East Texas WWII veteran among last remaining U.S. Navy blimp pilots
TYLER, Texas (KLTV) - They served in relative obscurity during World War Two, but their contribution was priceless to the Allied war effort. One of the last remaining pilots from this unique service lives here in East Texas.
It’s a little known story of the “other silent service.”
Wings, insignias and pictures. Keepsakes for 99-year-old Ray Brooks of Henderson, one of the last remaining U.S. Navy blimp pilots from World War II
“We tried to keep them in the air, particularly when convoys of ships were coming through,” Brooks said.
As a pilot, Lieutenant J.G. Brooks’ primary mission was searching for enemy submarines along allied coastlines.
“We had radar that would pick up a boat on top of the water. Marine airborne detection it would pick up a large metal object 400 feet under water,” he said.
Brooks joined the blimp corps quite by accident, playing a joke on a fellow pilot.
“I just signed up to hear him gripe, and I got picked,” Ray said.
At the height of the war, German U-boats were ravaging Allied shipping. Brooks and his fellow pilots took part in an estimated 37,000 combat patrols, including patrols off the Brazilian coast.

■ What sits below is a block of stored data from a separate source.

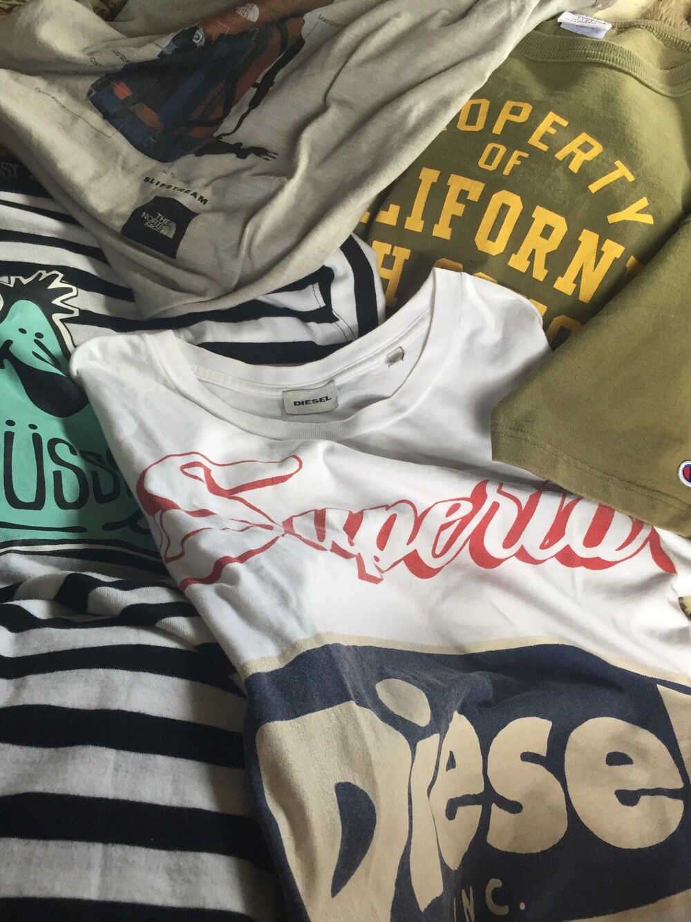 暇なんでtシャツ出してます tシャツ大好き ノースフェイス チャンピオン stussy DIESEL など デザインと素材とかで 大体一目惚れ買いしたやつばかり メンズLをざっくり着てます🐷
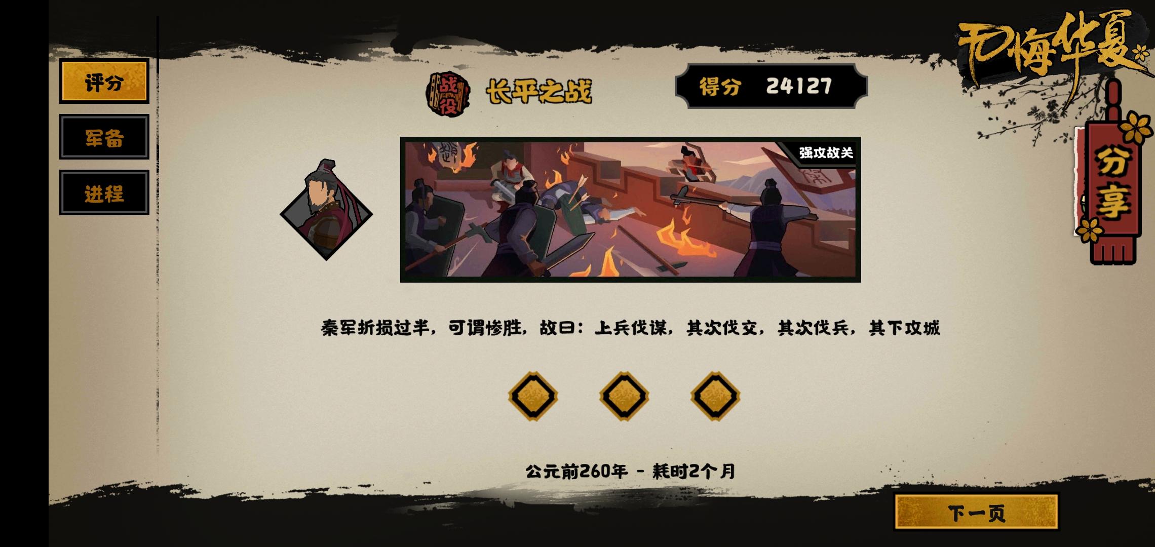 探索建议尽量不要点 实在差一两个粮草可以点一下 除了隐士必须去走 路上有打架的都尽量少走 打到泫氏城的时候六万打十万六级步兵我试了不管怎么拉扯都打不过 不知道大家有没有好的方法 打输了以后走围歼路线 后面都挺好打的 打到故关完成速取任务以后可以一直探索 每满三次会有五万兵来打 六级步兵加隐士给的buff还是很容易的 只要打赢了决战就减50000兵和15士气 我每次都打到决战只有两三万兵 然后后面就随便打了
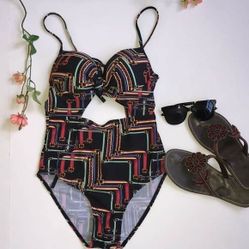 Art print one piece black swimsuit bathingsuit size M$23GRANT VLKRIA, FL
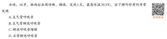考生往往苦于没有合适的例子和题目进行练习,本书在这一部分的讲解中除了有讲解考点精讲,心肺听诊还有实战模拟,通过扫描二维码可以听到一些典型的心音和呼吸音,这样就能够把理论应用于实践,简便快捷。
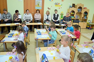 Воспитатель: Что есть внутри яблока? (Дети называют косточки.) Давайте нарисуем их кончиком кисточки в середине фрукта. Можно добавить и плодоножку, маленькую палочку сверху яблока. (Педагог демонстрируют слайд с изображением яблок в банке и показывает, как нарисовать косточки и плодоножку яблока.) Теперь уложим в банки ягоды смородины вместе с веточками (Педагог рисует веточки смородины восковым мелком, располагая их в банке то слева, то справа от яблок.) Ягоды удобно рисовать тычком, посмотрите. (Педагог напоминает приём рисования палочкой. Дети рисуют под музыкальное сопровождение. Когда рисунки готовы, воспитатель предлагает сделать крышки из салфеток разного цвета и закрепить их на банках при помощи резинок. Готовые работы дошкольники прикрепляют к доске с помощью магнитов.)
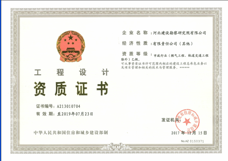 經(jīng)過艱苦努力,我公司于2017年12月15日取得了市政行業(yè)(燃?xì)夤こ?、軌道交通工程除外)設(shè)計乙級資質(zhì)證書,為我公司進(jìn)一步拓展相關(guān)市政設(shè)計業(yè)務(wù),進(jìn)而從事市政建設(shè)工程總承包業(yè)務(wù)創(chuàng)造了良好的條件。
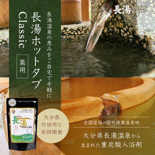 この自然炭酸泉は「中性pHの重炭酸泉」であり、湯中に溶け込んだ「重炭酸イオン」が温浴効果を高めることが分かっています。長湯ホットタブは、重曹とクエン酸を反応させることで「重炭酸イオン」を発生させ、自然炭酸泉のような高い温浴効果をご家庭でもお楽しみいただける入浴剤です。
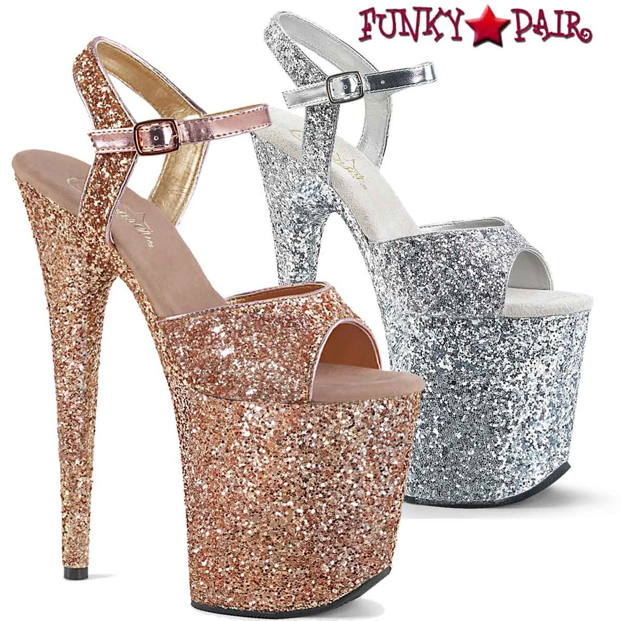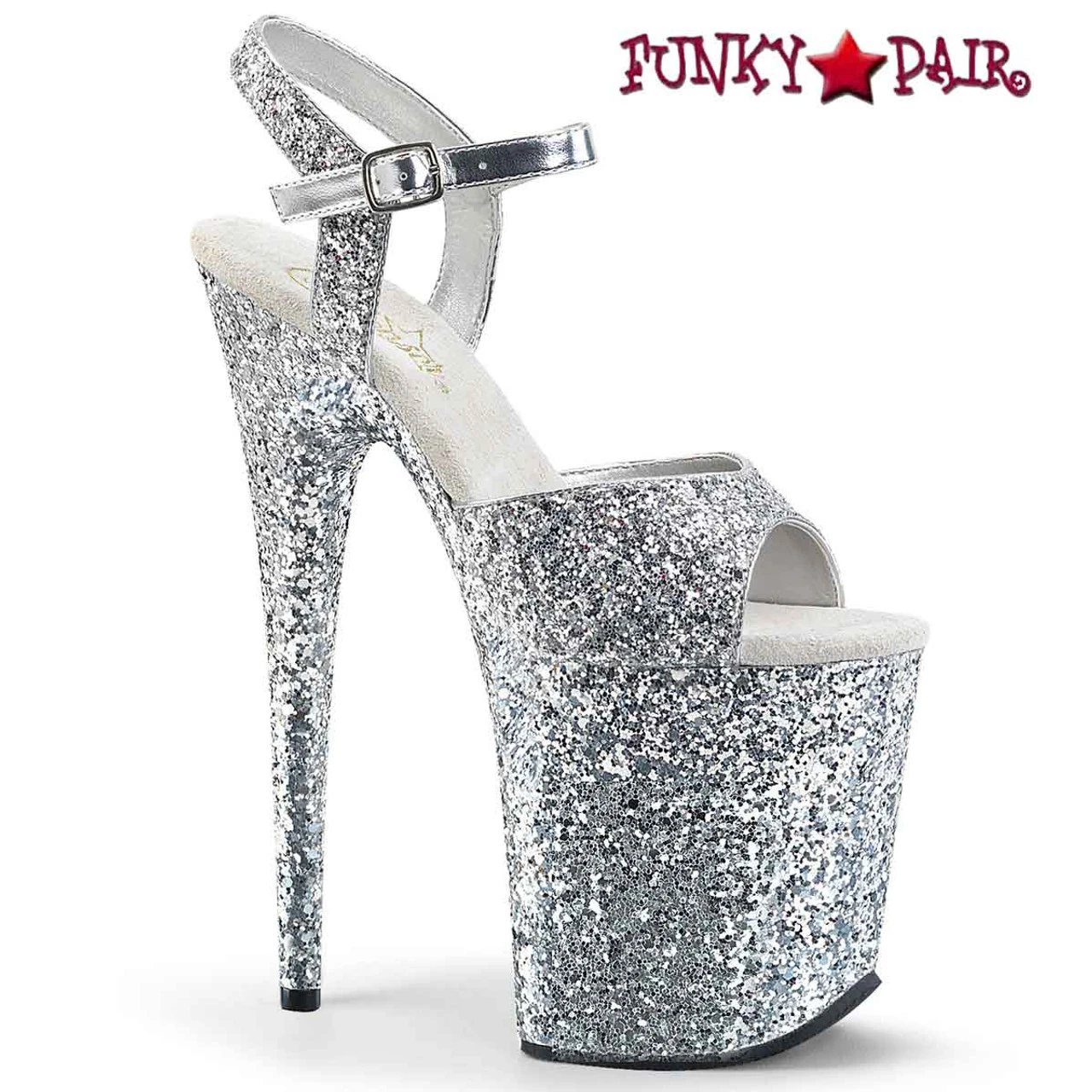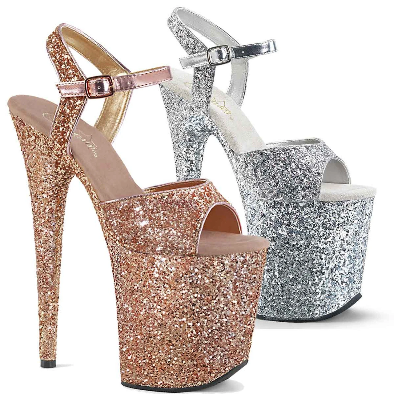Pleaser Shoes Flamingo-810LG Approximately 8 Inch (20.3cm) Heel, 4 Inch (10.2cm) Platform Glitter Ankle Strap Sandal
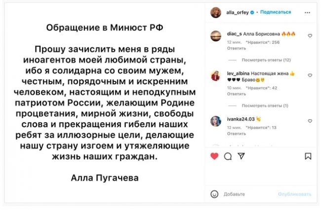 16 сентября министерство юстиции России объявило «иностранным агентом» комика Максима Галкина — мужа певицы Аллы Пугачевой, который вступает против войны. По версии Минюста, Галкин занимается политической деятельностью на деньги из Украины. Сам комик прокомментировал это словами: «Я торговлей совестью не занимаюсь». 18 сентября Алла Пугачева попросила признать ее «иноагентом» вслед за мужем — «честным, порядочным и искренним человеком, настоящим и неподкупным патриотом России», который желает своей стране «мирной жизни, свободы слова» и прекращения гибели людей «за иллюзорные цели». Свое заявление Пугачева опубликовала в инстаграме, оно собрало больше полумиллиона лайков. Его процитировали, пожалуй, все российские медиа — правда, те из них, которые так или иначе подконтрольны Кремлю, не упомянули слова, отсылающие к войне в Украине. Вот какие реакции собрал пост Пугачевой.
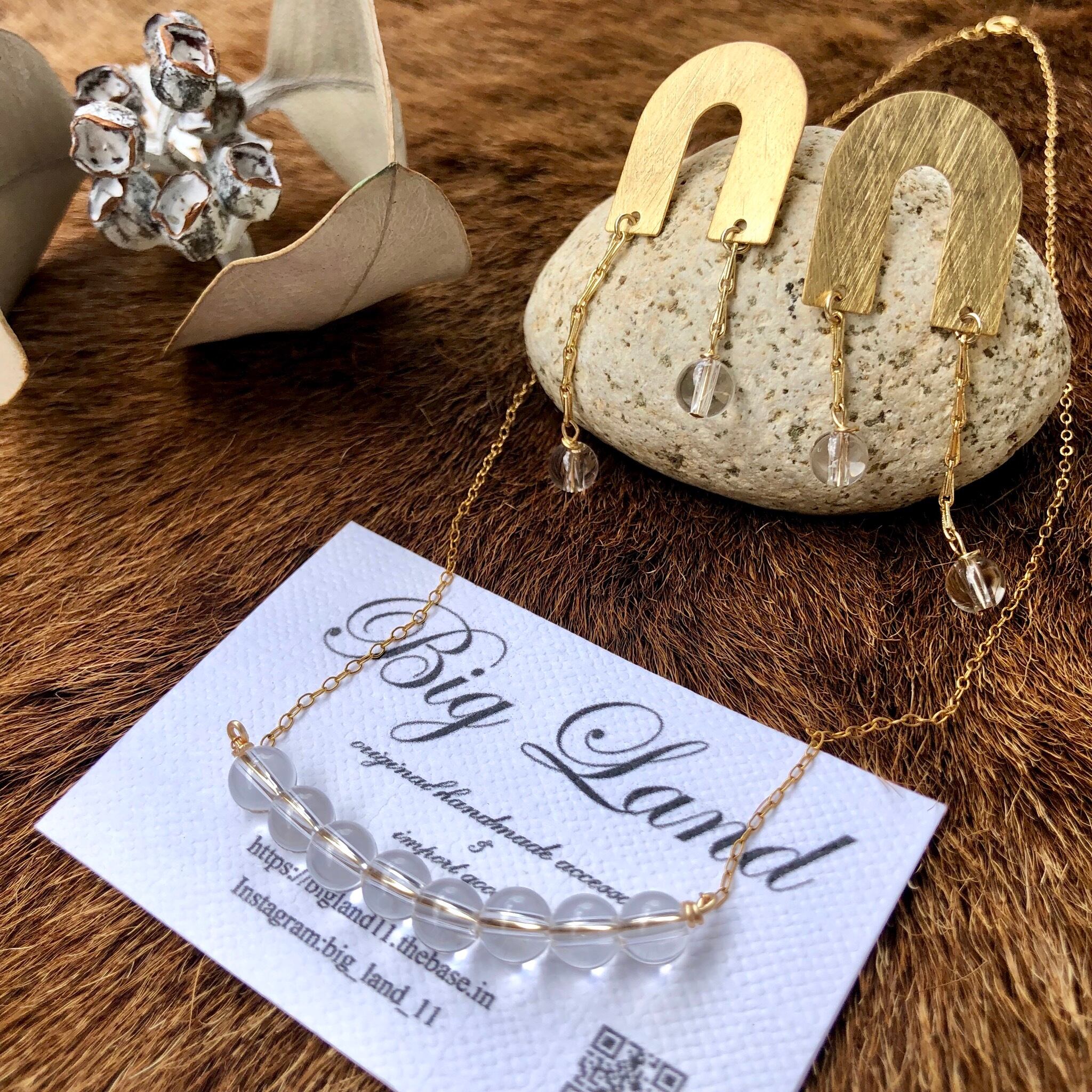 今回セット使いできるピアスもご用意しており、水晶に光が差し込むとキラキラ輝くのがなんとも言えない美しさです‼️
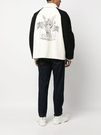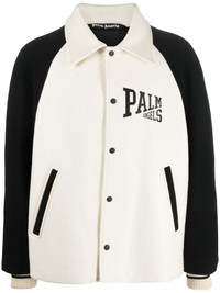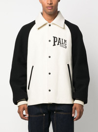 University virgin-wool bomber jacket Taking inspiration from classic varsity designs, Palm Angels introduces this University bomber jacket. Constructed from soft virgin wool, it features a two-tone layout highlighted by contrasting raglan sleeves and an angelic graphic print on the back. Highlights - Ivory white/black - Virgin wool - Logo print at the chest - Graphic print to the rear - Two-tone design - Classic collar - Front press-stud fastening - Long raglan sleeves - Ribbed cuffs - Two side welt pockets - Straight hem Made in Italy Composition Outer: Virgin Wool 100%, Polyester 100%, Polyamide 96%, Elastane 4% Lining: Cupro 100% SIZE & FIT Model measurements Height 6 ft 2 in(1.88 m) Bust/Chest 36.61 in(93 cm) Hips 37.79 in(96 cm) Waist 28.74 in(73 cm) FittingInformation Designed for a boxy fit, intended for a loose fit throughout Made from a midweight non-stretch fabric This piece fits true to size – take your usual size Washing instructions Dry Clean Only
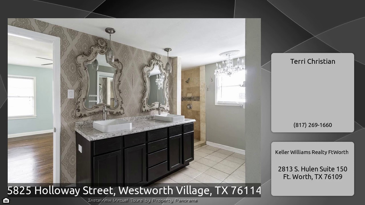 The Virtual Tour for the property at 5825 Holloway Street, Westworth Village, TX 76114 listed for $195,000: Other homes for sale by Terri Christian of Keller Williams Realty FtWorth: Vacant and ready for new owner! Living area and dining area with wood floors. Open kitchen to spacious secondary living room. Kitchen features tile floors, stainless steel oven. dishwasher, refrigerator, Second living area with french doors to the outdoor, bar and plank flooring. Master bath has updated shower, two sinks and a wall of storage. Bedrooms 2 and 3 have an adjacent bath. Fenced, large storage …

Though blimps could fly for long periods, they were slow, and vulnerable to enemy aircraft and deck guns.
“We lost a lot in the Atlantic,” he said.
But blimps couldn’t land by themselves. with a 10 man crew, there was only one parachute.
“One man would jump out in the parachute, and he would try to get about 20-30 men to serve as a landing crew.”
They kept non-stop patrols above American waters, escorted vulnerable convoys far into the Atlantic.
Given what was lost in war, if he had to do it again, Brooks has a heartfelt answer.
“I’d probably do more,” he said.
But what he did do, saved countless lives.
Brooks is a minister that still preaches every Sunday at Longbranch Missionary Baptist Church.
Of historical significance: Navy blimps took part in the sinking of the last U-boat before Germany’s surrender.